A number of viral infections have also been associated with T1D.
These include those that occur in utero during pregnancy,
as well as those that typically occur during childhood (e.g.,
enteroviruses). Because the peak
onset of T1D is at puberty, it is thought that changing levels of
hormones may also precipitate the disease.
Finally, stress has been suggested as a T1D risk factor.

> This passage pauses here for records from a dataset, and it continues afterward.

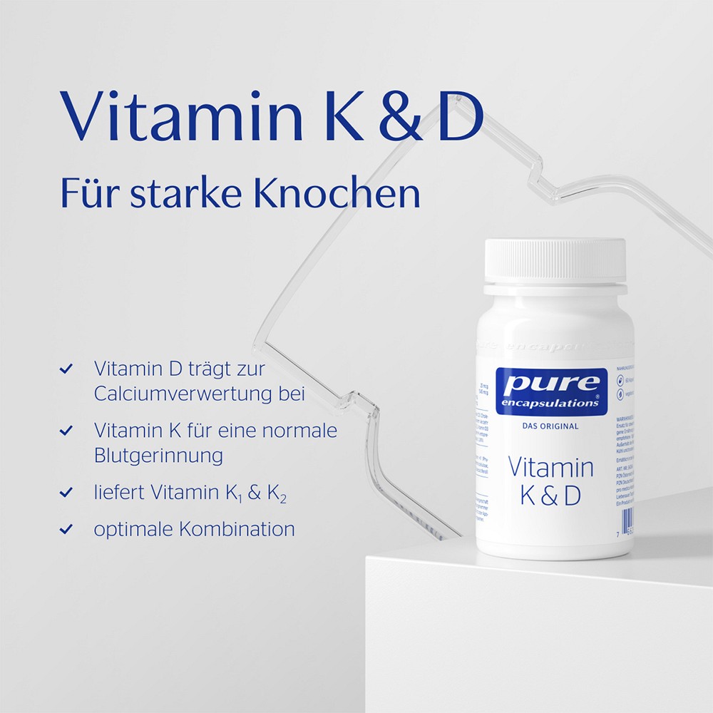 Wie alle Nährstoffpräparate von Pure Encapsulations® ist auch Vitamin K &amp. D wissenschaftlich fundiert und zeichnet sich durch ideale Bioverfügbarkeit sowie maximale Verträglichkeit aus – frei von unnötigen Zusatz- und Konservierungsstoffen.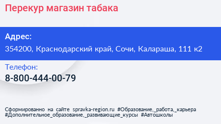 Перекур, магазин табака по адресу 354200, Краснодарский край, Сочи, Калараша, 111 к2 в дальнейшем Организация, размещена в следующих категориях: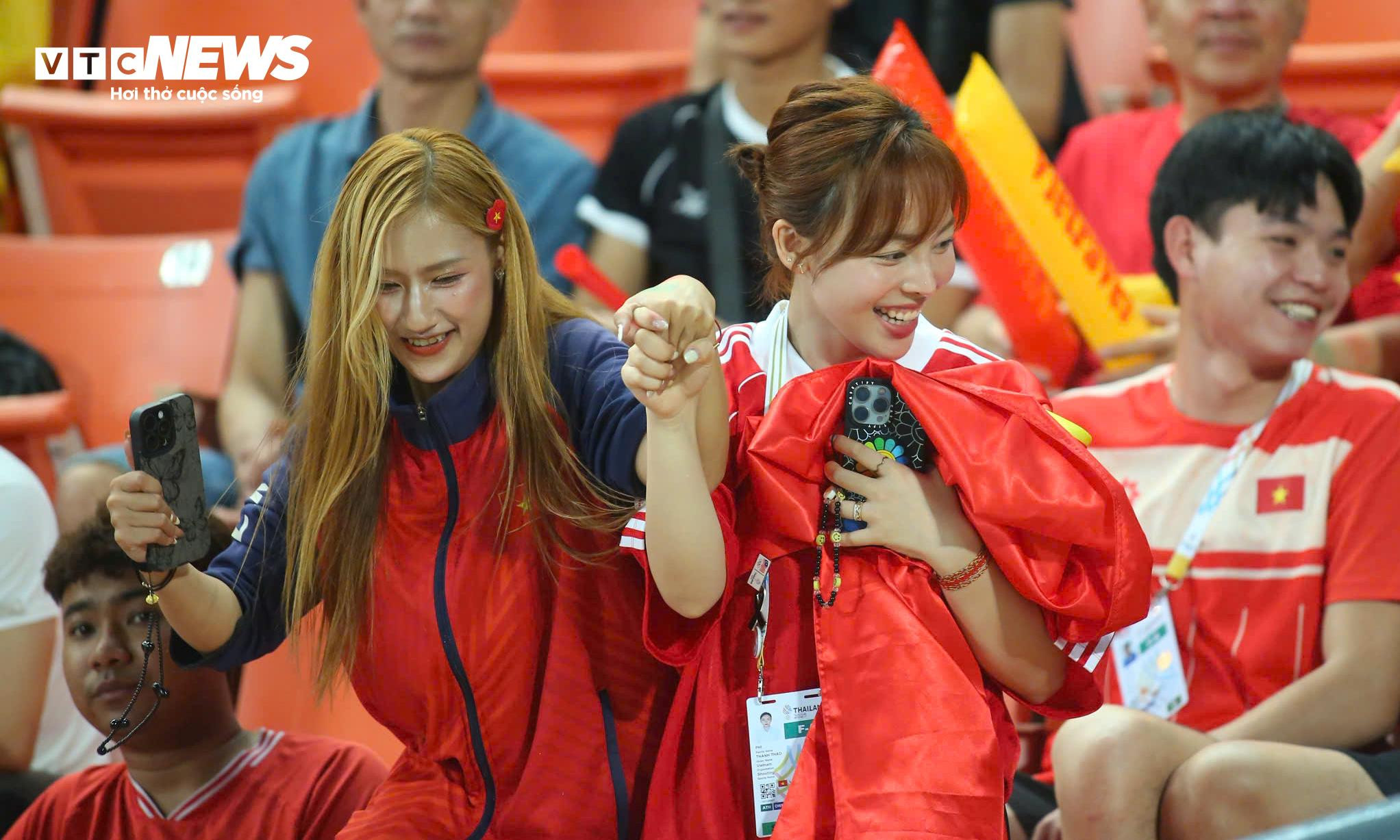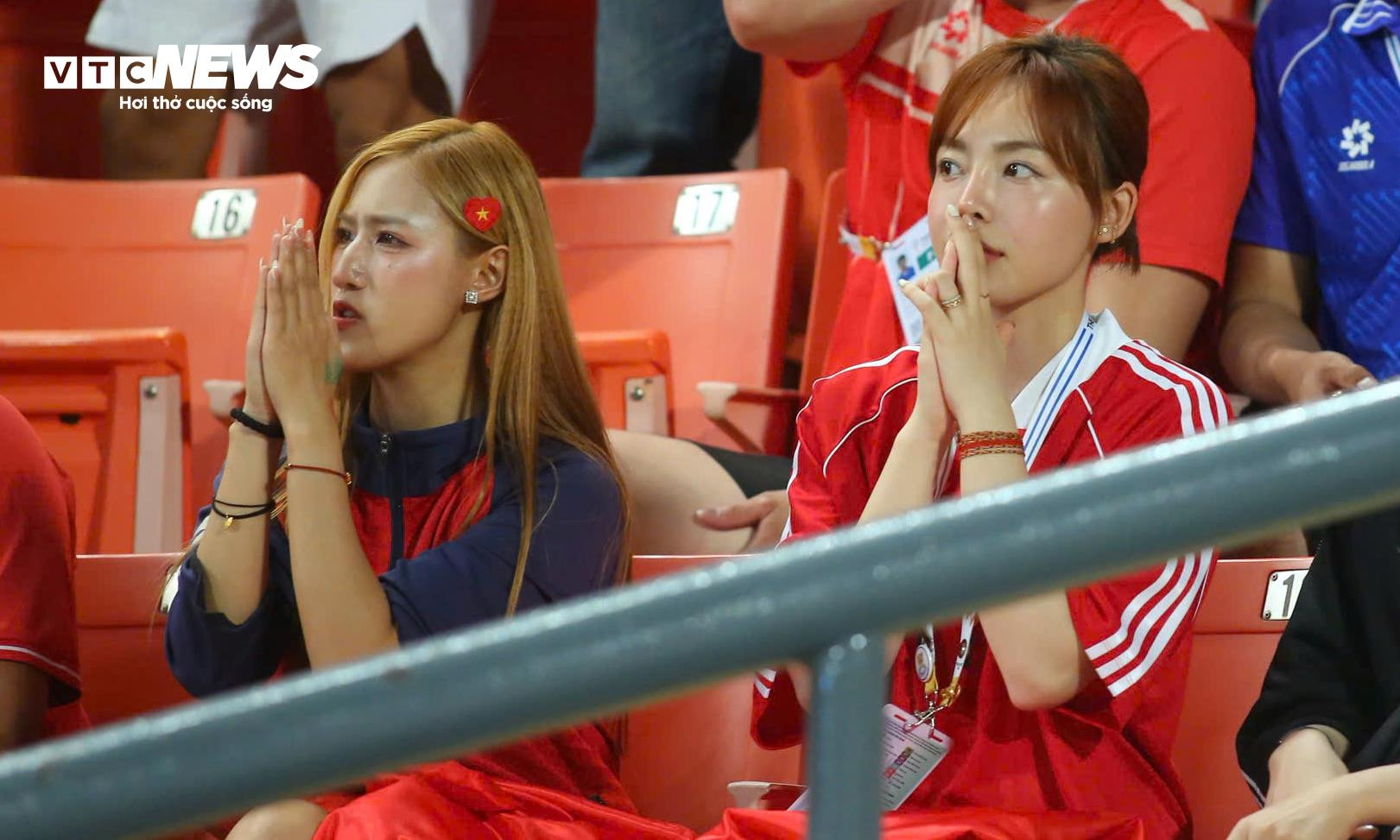 Vận động viên nhảy cầu Nguyễn Phương Anh và xạ thủ Phí Thanh Thảo hồi hộp dõi theo từng pha bóng cùng hàng nghìn CĐV khác.

Many parents report that their child experienced a very stressful
event (e.g., divorce) just prior to the onset of the disease.
The role of
improved hygiene in the etiology of T1D is also currently being
explored. It has been
hypothesized that delayed exposure to microorganisms due to improvements
in standard of living hinders the development of the immune system, such
that it is more likely to respond inappropriately when introduces to
such agents at older (compared to younger) ages.
This explanation is consistent with recent reports indicating
that factors such as day care attendance, sharing a bedroom with a
sibling and contact with pets are protective against T1D. Further
studies are needed to determine if improved hygiene can explain the
temporal increases in the incidence of T1D worldwide.